4. Changing the titles and axis labels of the plot

ggplot(midwest, aes(x=area,y=poptotal))+geom_point()+geom_smooth(method = "lm")+xlim(c(0,0.1))+ylim(c(0,1000000))+ labs(title="Area Vs Population", subtitle="From midwest dataset", y="Population", x="Area", caption="Midwest Demographics")

Output:

Graphical Data Analysis in R

The ggtitle() command is another alternative to the labs() function

5. Changing the color and size of the points

ggplot(midwest, aes(x=area,y=poptotal))+geom_point(col="blue",size=3)+geom_smooth(method = "lm",col="red")+xlim(c(0,0.1))+ylim(c(0,1000000))+ labs(title="Area Vs Population", subtitle="From midwest dataset", y="Population", x="Area", caption="Midwest Demographics")

Output:

Graphical Data Analysis in R

Modifying the aesthetics of the graphs is very easy with the ggplot2 package.

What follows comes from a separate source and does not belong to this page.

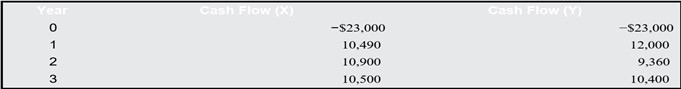 > Bruin, Inc., has identified the following two mutually exclusive projects:b. If the required return is 11 percent, what is the NPV for each of these projects? Which project will the company choose if it applies the NPV decision rule?c. Over what range of

6. Varying the color of the point according to another variable

ggplot(midwest, aes(x=area,y=poptotal))+geom_point(aes(col=state),size=3)+geom_smooth(method = "lm",col="red")+xlim(c(0,0.1))+ylim(c(0,1000000))+ labs(title="Area Vs Population", subtitle="From midwest dataset", y="Population", x="Area", caption="Midwest Demographics")

Output:

Graphical Data Analysis in R

Varying the color like this enables the graph to convey even more information than before.

Summary

R is the foremost platform for data visualization. Out of all the data analysis data-science related tools out there, it is the best when it comes to the graphical representation of data. In this chapter of TechVidvan’s R tutorial series, we learn about the various graphs and plots that are possible to make through Graphical data Analysis in R. We looked at the functions and commands that produce these graphs. We, then, studied the gplot2 package and its various layers that add precision, details, and customizability to the graphs.